いなくなった自分の父親について、主人公は「日本シリーズで奇跡が起こって西武が勝てば父親が帰ってくるかも知れない、と一縷の望みを賭けます。でもゴドーは来ない…の掛け合いが切なかったです。この部分は個人的に好きな仕掛けですね。
しかし受賞となると…以前候補になった『切れた鎖』も家族史で、しかもあんまり本人の作風に合ってない気がするんですよね…。個人的には『図書準備室』系列のほうが描写も生き生きとしているし、そっち方面でがんばったほうがいいんじゃないかなぁ、という気がします。


・山崎ナオコーラ「手」
主人公は27歳のいろんな観念がゆるい女で、昔からお友達としての「おじさん」を切らしたことがない。その理由はおじさんを通していろいろなスキルを身につけたいから(とは言ってるが、身についてるふうでもない。最後に主人公がおじさん化しているようだったらもうちょっとポイント高かったかも)。
この主人公はおじさんの写真をコレクトしてHPにまとめたりもしていて、このへんを読んで「選考委員のおじさまたちに阿っているのか…?」と思ったが、そのあとでおじさんの行動を嘲笑したりしてるので、そうではないようです。
山崎作品はいつも落としどころが好みでなく、今回もちょっと床ずれのような感覚を味わいました。テーマは「愛情の移行」だと思われますが、主人公がふらふらしすぎてて、ちょっとボケちゃってる感じ。


・墨谷渉「潰玉」
ちょwwwwwwwww
とリアルに言ってしまうくらい、他の候補作品と毛色が違います。
主人公は法律事務所に勤めるエリートさんなのだがいかんせん「女の子からめちゃくちゃにされたーい、芸術的にノックアウトされたーい」というアイタタな願望の持ち主で、これはという女の子をめっけると挑発して暴力を受けて陶然としちゃう究極の変態です。
最後は理想的な攻撃をする暴力少女に望み通り「潰玉」されちゃう訳ですが、これは受賞はないでしょうな。人生と引き替えに理想を実現する話…とまとめられなくもないし、文章や話の流れもよくできてると思うのですが…。
なんというか、需要のなさそうな方向性の小説、という意味では西村賢太と同じ匂いを感じます。

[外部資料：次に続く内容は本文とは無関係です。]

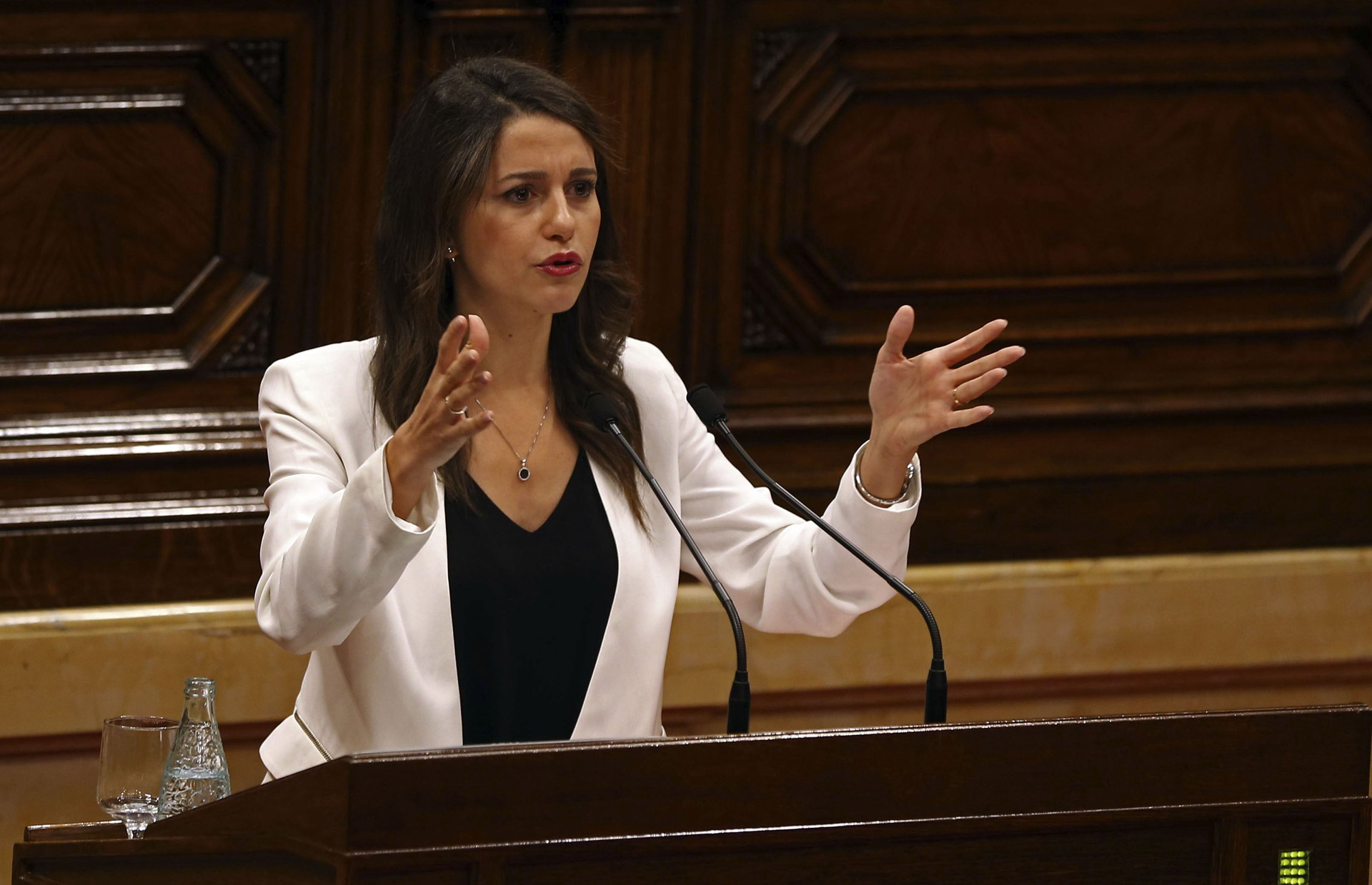 En un tono amable, casi cordial, la presidenta de Ciudadanos y jefa de la oposición en el parlamento catalán, Inés Arrimadas, contestó a los argumentos expuestos el miércoles por el presidente de la Generalidad, Carles Puigdemont, con la imagen de una bicicleta estática, comparación sobre el proceso que enervó a la bancada separatista. Aún más, hurgó en las contradicciones de Junts pel Sí, que ha pasado de considerar el referéndum una "pantalla superada" a enabolarlo de nuevo, diciendo que tal estrategia era como la rueda de un hámster. "Vuelven a la casilla de salida y meten y sacan del cajón el referéndum según les conviene. Más que un referéndum es 'neverendum'", añadió la diputada.
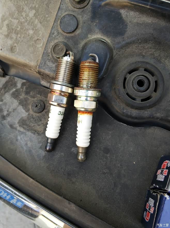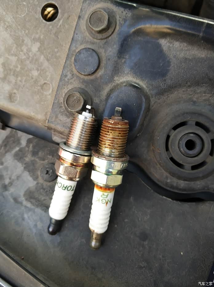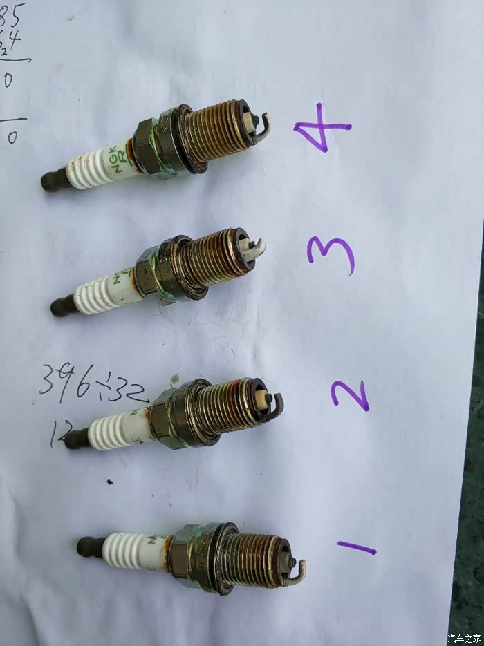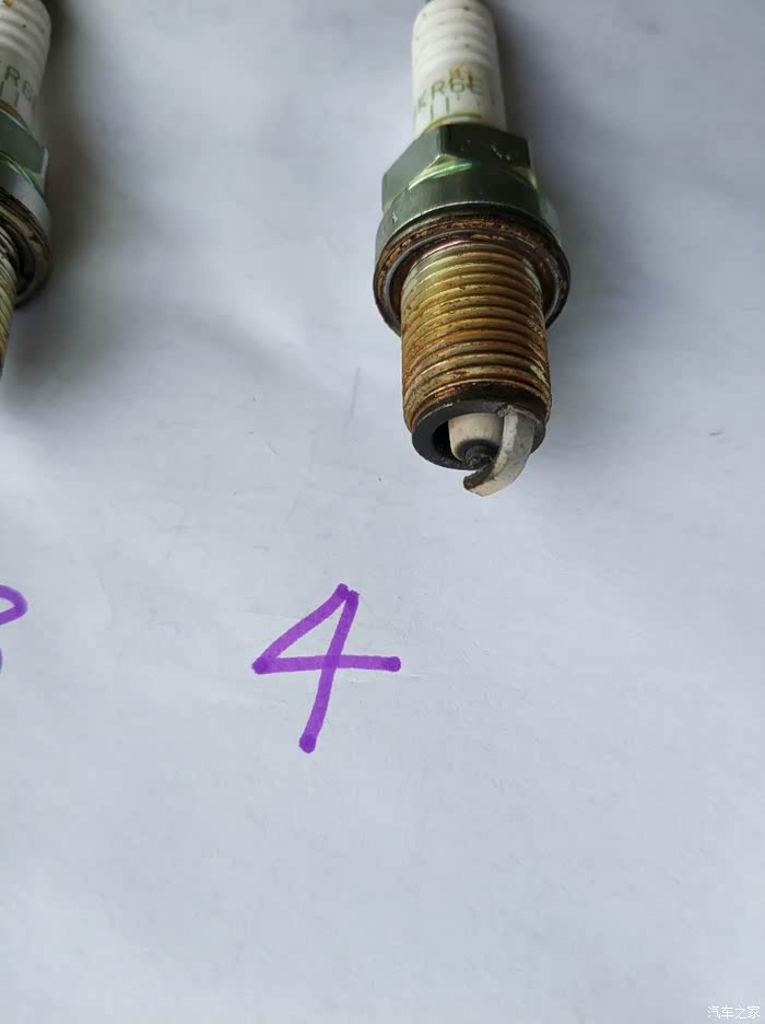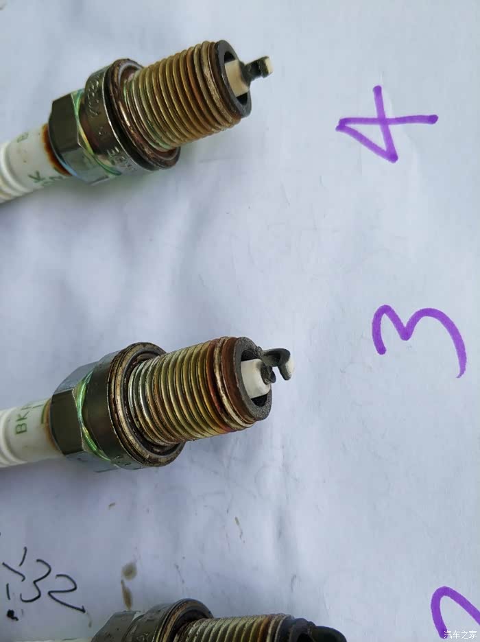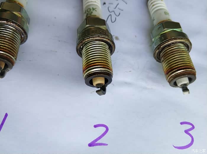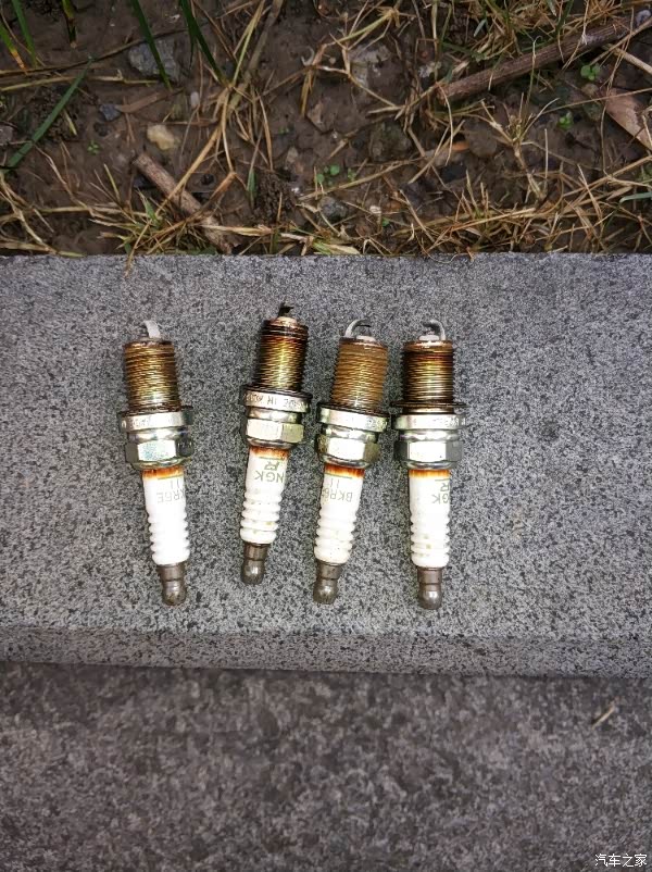 拆下的四个火花塞,从左到右(1、2、3、4缸)。二缸气门室盖垫有渗机油现象。

…というわけで、今回の本命は津村です。どんどん話がうまくなっていってるし今回こそは、というのもあるんだけど、最近立て続けに作品が単行本になっているので、「賞をとったときに既刊もセールスが見込めるとの判断かな」って思うのですね。
なので、対抗はセールスの点から判断して、山崎ナオコーラとしておきます。



ちなみに直木賞ですが、こっちは全然わかりません。候補作の中では「きのうの世界」しか読んでないし、候補者の中でも恩田と天童しか読んだことないし。
ただ、6作品中3作品が時代物と偏ってるので、この3作品は厳しい気がしますね。非時代物の3作品では道尾秀介がキャリアが短いので外してみる。恩田vs天童と考えると、個人的に恩田は「わたしの好きな食材ばかりを使って、わたしの嫌いな料理に仕立て上げる料理店」なので、幾度も肩すかしを食らっている仇敵なわけです。という私怨がらみの予想ですが、いちおう天童が本命ということで。